» **AIM OF THE EXERCISE**:
Among the entries below, extract exactly the lines that run from the one with "冬天的別墅 Winter Villa 260x 196 cm 2001" through the one with "After following the", both ends included.

___ PROVIDED MATERIAL

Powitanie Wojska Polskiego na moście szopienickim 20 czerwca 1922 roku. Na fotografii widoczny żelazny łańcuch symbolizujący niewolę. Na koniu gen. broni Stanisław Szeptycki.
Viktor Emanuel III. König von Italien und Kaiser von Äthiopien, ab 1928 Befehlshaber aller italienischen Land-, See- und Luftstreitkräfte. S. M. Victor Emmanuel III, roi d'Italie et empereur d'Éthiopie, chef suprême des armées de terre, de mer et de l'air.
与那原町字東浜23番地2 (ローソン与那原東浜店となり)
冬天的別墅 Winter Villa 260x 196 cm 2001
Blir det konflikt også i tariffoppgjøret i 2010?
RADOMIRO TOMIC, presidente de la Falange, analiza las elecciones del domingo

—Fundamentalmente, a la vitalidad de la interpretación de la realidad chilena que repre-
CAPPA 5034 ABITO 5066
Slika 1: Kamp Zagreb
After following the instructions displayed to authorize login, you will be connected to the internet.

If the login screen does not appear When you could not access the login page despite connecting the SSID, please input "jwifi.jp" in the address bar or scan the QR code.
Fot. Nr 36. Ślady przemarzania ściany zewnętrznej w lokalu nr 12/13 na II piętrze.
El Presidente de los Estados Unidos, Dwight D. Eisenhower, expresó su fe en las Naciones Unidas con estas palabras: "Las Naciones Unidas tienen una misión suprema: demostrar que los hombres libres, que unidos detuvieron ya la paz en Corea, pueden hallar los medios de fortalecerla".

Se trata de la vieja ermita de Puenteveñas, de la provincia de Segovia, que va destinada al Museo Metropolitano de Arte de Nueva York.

______
___ PROVIDED MATERIAL

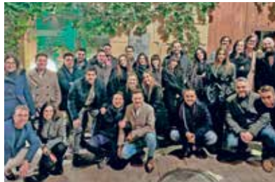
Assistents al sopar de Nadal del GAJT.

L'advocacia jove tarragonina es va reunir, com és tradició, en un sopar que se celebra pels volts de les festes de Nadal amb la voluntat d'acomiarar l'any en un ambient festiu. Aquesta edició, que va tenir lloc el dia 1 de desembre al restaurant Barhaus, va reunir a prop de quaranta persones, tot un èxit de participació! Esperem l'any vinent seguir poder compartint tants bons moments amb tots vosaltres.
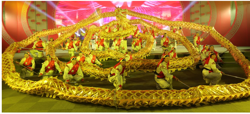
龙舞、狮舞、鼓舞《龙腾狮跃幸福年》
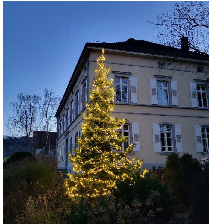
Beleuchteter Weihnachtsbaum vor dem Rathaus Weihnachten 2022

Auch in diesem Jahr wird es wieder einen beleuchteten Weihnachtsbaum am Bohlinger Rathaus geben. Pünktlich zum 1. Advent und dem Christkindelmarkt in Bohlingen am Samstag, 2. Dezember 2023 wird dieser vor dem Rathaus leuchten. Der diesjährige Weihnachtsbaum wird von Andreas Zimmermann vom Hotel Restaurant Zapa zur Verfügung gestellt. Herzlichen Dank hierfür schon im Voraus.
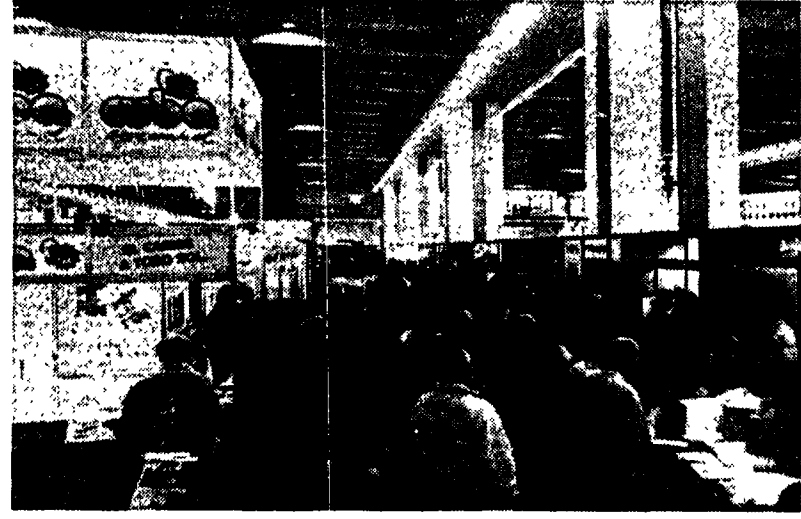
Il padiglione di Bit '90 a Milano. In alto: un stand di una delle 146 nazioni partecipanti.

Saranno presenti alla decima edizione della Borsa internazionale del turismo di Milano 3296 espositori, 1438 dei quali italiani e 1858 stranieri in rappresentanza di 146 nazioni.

______
___ PROVIDED MATERIAL

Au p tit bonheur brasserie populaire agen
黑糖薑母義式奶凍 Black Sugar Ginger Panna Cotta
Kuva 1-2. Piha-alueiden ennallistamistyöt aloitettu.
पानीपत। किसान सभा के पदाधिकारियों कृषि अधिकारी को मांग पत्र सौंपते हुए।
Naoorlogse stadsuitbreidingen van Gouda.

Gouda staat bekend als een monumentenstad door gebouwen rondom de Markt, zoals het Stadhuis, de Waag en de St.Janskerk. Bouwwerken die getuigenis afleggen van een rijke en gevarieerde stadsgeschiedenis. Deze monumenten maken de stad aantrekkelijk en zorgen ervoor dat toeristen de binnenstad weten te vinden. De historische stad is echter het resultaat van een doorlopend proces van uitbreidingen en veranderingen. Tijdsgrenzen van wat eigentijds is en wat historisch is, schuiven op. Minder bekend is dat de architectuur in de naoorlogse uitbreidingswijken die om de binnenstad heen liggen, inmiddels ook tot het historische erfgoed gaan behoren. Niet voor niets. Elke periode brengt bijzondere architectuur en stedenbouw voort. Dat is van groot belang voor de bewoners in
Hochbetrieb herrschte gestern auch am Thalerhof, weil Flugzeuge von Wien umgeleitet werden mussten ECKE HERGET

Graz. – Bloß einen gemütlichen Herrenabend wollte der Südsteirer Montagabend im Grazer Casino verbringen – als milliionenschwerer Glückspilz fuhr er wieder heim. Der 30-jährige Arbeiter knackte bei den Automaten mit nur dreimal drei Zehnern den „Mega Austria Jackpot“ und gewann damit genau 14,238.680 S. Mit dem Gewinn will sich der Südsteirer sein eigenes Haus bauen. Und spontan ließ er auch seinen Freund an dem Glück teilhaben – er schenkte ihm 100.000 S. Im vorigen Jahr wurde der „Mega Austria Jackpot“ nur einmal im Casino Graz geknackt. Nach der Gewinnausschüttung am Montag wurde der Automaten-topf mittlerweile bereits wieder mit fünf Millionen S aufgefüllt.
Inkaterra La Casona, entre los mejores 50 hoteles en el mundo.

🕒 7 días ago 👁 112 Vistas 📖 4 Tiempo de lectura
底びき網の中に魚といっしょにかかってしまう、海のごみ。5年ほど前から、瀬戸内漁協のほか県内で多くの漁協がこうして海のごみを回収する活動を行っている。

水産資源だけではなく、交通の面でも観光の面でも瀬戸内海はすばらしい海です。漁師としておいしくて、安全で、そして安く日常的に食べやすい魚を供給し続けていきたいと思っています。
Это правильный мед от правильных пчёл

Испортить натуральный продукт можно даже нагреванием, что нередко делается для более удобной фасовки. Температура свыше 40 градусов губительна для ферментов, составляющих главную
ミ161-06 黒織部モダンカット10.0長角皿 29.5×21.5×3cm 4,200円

______

» **WRITTEN ANSWER**:
冬天的別墅 Winter Villa 260x 196 cm 2001
Blir det konflikt også i tariffoppgjøret i 2010?
RADOMIRO TOMIC, presidente de la Falange, analiza las elecciones del domingo

—Fundamentalmente, a la vitalidad de la interpretación de la realidad chilena que repre-
CAPPA 5034 ABITO 5066
Slika 1: Kamp Zagreb
After following the instructions displayed to authorize login, you will be connected to the internet.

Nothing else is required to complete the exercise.